**What the task asks:** Lines with the string "Group" are to be identified in the listing and copied.

**Listed records:**
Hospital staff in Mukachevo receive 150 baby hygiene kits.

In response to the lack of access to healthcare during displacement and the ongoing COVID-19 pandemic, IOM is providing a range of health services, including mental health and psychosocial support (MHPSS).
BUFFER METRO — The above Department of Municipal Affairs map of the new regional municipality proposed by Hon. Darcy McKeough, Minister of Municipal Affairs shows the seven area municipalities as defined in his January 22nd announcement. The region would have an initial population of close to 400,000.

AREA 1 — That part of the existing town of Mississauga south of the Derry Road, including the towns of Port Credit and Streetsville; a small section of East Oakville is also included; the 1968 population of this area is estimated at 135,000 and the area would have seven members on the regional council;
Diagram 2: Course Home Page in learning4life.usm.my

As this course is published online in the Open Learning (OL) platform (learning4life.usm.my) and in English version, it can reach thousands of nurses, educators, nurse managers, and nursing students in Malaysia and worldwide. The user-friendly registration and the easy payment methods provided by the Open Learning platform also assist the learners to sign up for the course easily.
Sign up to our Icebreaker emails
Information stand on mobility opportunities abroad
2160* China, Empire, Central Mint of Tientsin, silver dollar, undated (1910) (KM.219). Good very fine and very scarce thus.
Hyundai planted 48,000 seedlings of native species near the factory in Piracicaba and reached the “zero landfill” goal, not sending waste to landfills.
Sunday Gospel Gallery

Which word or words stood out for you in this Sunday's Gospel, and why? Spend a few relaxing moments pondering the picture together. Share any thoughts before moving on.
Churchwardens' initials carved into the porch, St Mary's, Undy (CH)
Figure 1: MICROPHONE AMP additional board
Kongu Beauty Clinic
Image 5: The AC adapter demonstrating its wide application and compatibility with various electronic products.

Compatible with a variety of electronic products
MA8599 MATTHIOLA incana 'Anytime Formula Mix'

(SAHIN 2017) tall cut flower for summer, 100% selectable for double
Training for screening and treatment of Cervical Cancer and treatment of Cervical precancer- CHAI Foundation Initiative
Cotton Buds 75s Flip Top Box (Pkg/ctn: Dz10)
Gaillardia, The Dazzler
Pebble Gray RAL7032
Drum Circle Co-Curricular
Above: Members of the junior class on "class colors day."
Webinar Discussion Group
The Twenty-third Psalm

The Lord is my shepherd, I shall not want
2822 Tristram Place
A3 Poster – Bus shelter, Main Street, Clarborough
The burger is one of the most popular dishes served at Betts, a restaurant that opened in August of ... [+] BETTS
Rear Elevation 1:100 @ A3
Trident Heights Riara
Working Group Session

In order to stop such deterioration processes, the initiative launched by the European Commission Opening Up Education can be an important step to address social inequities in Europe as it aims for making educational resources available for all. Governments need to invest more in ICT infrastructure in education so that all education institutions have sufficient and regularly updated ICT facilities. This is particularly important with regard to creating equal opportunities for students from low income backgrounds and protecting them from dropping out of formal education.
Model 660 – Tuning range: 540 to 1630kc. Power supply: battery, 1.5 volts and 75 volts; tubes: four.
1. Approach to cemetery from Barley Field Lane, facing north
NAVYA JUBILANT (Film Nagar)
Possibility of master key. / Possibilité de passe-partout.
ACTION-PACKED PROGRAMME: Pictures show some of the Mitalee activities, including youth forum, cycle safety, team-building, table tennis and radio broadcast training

**Expected output:**
Webinar Discussion Group
Working Group Session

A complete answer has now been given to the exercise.